Vonis itu sesuai dengan tuntutan Jaksa Penuntut Umum (JPU) karena terdakwa terbukti bersalah menyelewengkan dana bansos senilai Rp4,8 miliar melalui APBD tahun 2010.

Wakil Bupati Halsel ditetapkan sebagai tersangka oleh Majelis Hakim Tipikor pada Pengadilan Negeri Ternate, melalui pasal 18 Jo Primer pasal 2 dan pasal 3 Undang-undang nomor 31 tahun 1999 sebagaimana telah diubah dengan Undang-Undang nomor 20 tahun 2001 tentang pemberantasan tindak pidana korupsi.

Sidang yang dipimpin Ketua Majelis Hakim Miniardi,SH tersebut banyak memberi pertimbangan, termasuk yang bersangkutan masih mempunyai istri dan anak-anak.

Selain kurungan badan, Majelis Hakim juga menvonis yang bersangkutan dengan hukuman denda sebesar Rp 200 juta, subsider 3 bulan kurungan dan membayar uang pengganti sebanyak Rp3,2 milyar subsider dua tahun kurungan.

Sidang tersebut dipimpin Majelis Hakim Ketua, Miniardi SH, Hakim Anggota I, M. Mahim SH dan Hakim Anggota II, Lasuardi I Tobing, dibantu Panitera Pengganti, Isra Abas SH.

Wakil Bupati Halsel bersama pendukungnya tidak menerima keputusan Majelis Hakim Tipikor tersebut dan mengancam JPU karena dianggap telah memeras orang nomor dua di Halsel itu dengan iming-iming kasus ini tak diproses.

Rusdan Haruna ketika dikonfirmasi membeberkan pengakuannya tersebut saat menjalani sidang pembacaan vonis atas kasus korupsi dana bantuan social senilai Rp4,8 miliar di Kabupaten Halmahera Timur tahun 2010 di Pengadilan Tipikor Ternate.

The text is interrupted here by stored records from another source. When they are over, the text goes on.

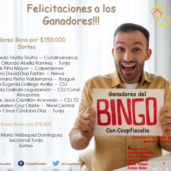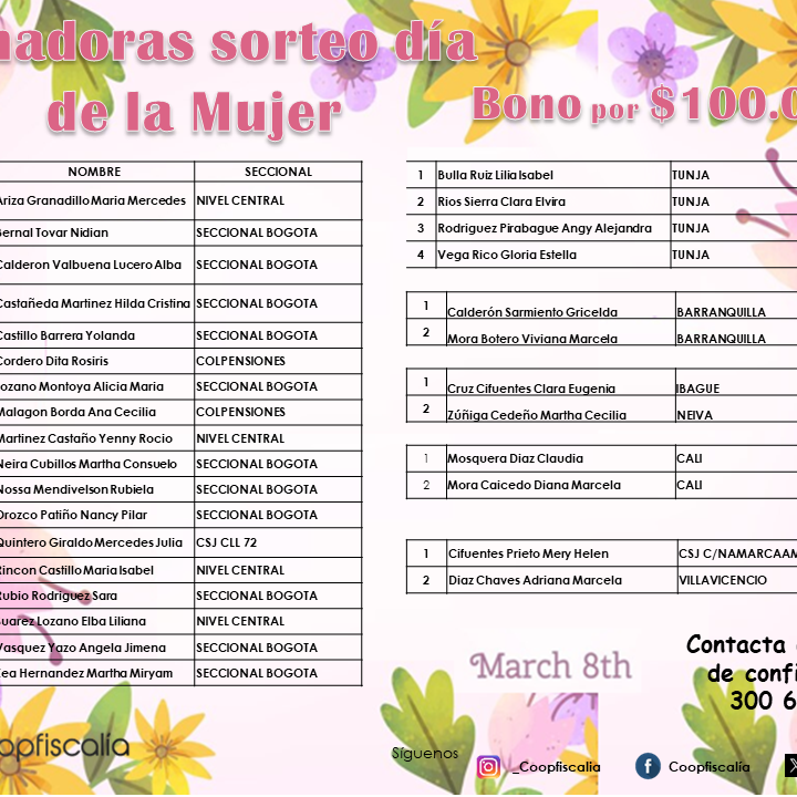 Conoce las asociadas ganadoras del sorteo con ocasión al mes de la Mujer Coopfiscalia publica las asociadas ganadoras de un espectacular bono por $100.000, sorteado el día 10 de abril de 2024 con ocasión al mes de la mujer, felicitamos a las ganadoras y las invitamos a seguir siendo parte de la familia Coopfiscalia,…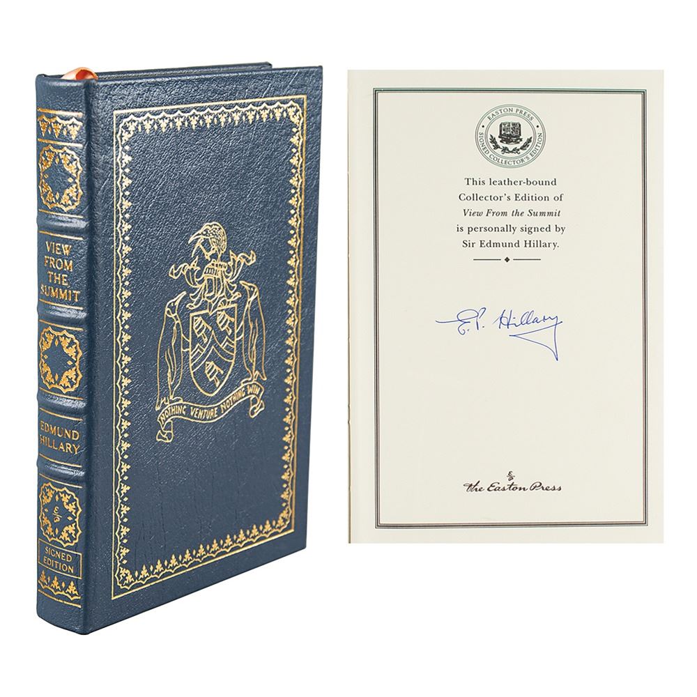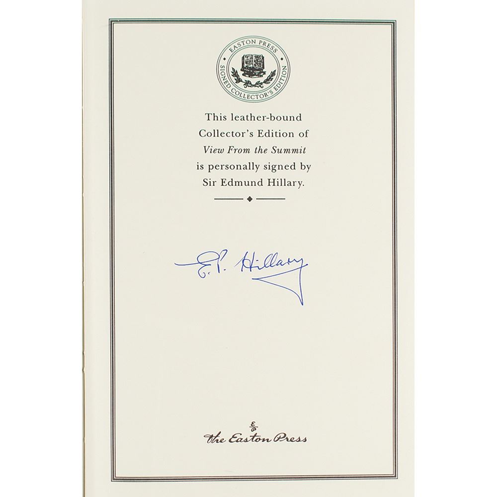 Signed book: View from the Summit. Collector's edition. Norwalk, CT: Easton Press, 1999. Leather-bound hardcover, 6.5 x 9.5, 310 pages. Signed on the colophon in blue ink, "E. P. Hillary." In very fine condition. Accompanied by the publisher's certificate of authenticity.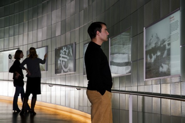 At the core of the exhibition and entirely surrounding the space is a double-walled glass façade. This display case contains high-tech exhibits drawn from everyday Mercedes-Benz technology. When the visitor stands in front of the glass display, flat screens appear as if by magic to provide background information.
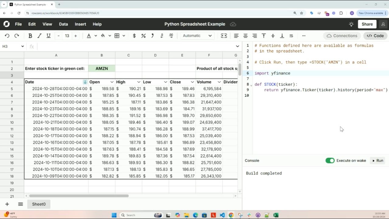 Row Zero spreadsheets have a native python window for writing custom functions and importing python packages like numpy, scipy, and pandas.

"Wakajati Malut mengatakan kepada saya sediakan uang Rp2 miliar jika ingin kasus ini dihentikan. Saat ikut mendengarkan permintaan Wakajati tersebut," ujarnya.

Rusdan yang dalam kasus ini ia masih sebagai Kepala Dinas Pendapatan dan Pengelolaan Aset Daerah (DPPAD) Kabupaten Halmahera Timur mengaku hanya mampu memenuhi Rp500 juta dari permintaan Wakajati tersebut.

Namun, Wakajati Malut menolak uang tersebut dengan alasan ada pihak yang sudah memberikan uang lebih besar dari jumlah itu dengan permintaan kasus tetap dilanjutkan, namun pihak yang memberi uang itu tidak disebutkan, ujarnya.

"Karena saya tidak sanggup menyediakan uang Rp2 miliar akhirnya kasus tersebut tetap dilanjutkan oleh Kejati Malut, bahkan hanya dalam kurun waktu satu bulan saya langsung ditahan sebagai tersangka tanpa izin dari Presiden," tambahnya.

Oleh karena itu, dengan putusan Majelis Hakim Tipikor tersebut, dirinya akan banding atas vonis Majelis Hakim Tipikor itu, karena vonis yang dijatuhkan oleh Majelis Hakim sangat tidak adil, namun sebagai warga negara yang baik, dirinya akan tetap mengikuti proses hukum yang berlaku.